--- START ---
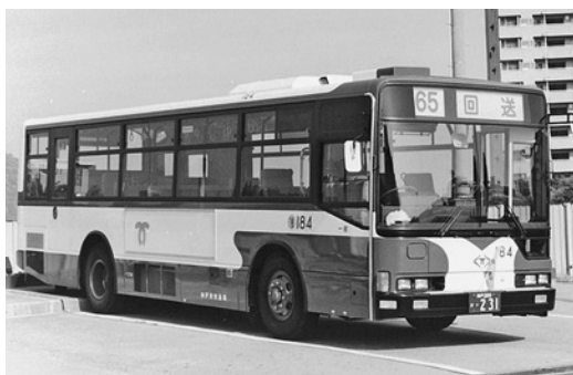
三菱KC-MP717K 平成11年式 三菱自動車バス製造
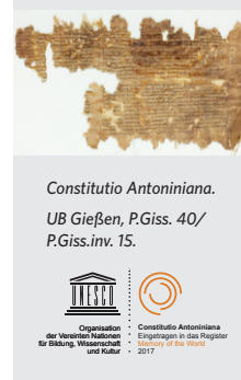
Constitutio Antoniniana. UB Gießen, P.Giss. 40/ P.Giss.inv. 15.
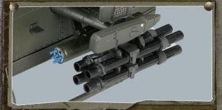
· 模型级的武器装备: M260, M261 火箭发射器，拖式导弹和AIM-9响尾蛇导弹
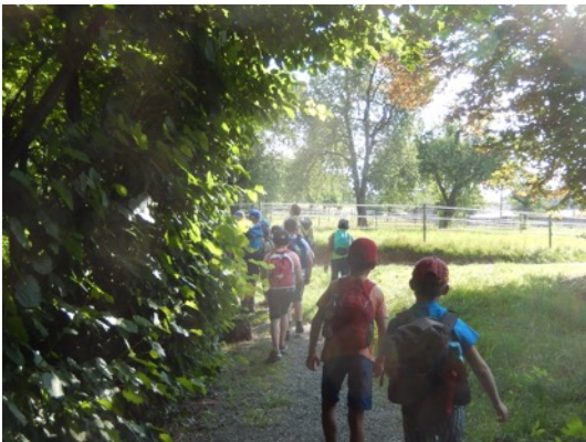
Nach einer abwechslungsreichen Wanderung entlang schattiger Tobel und leuchtender Felder...
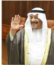
الرئيس علي الصالح

التقرير للجنة المختصة مرة أخرى "يريد الطين بلة".
--- END ---
■ What the task requires: All lines starting at the one holding "الرئيس علي الصالح" and ending at the last line above must be output exactly, and no other line may appear.

■ Exercise answer:
الرئيس علي الصالح

التقرير للجنة المختصة مرة أخرى "يريد الطين بلة".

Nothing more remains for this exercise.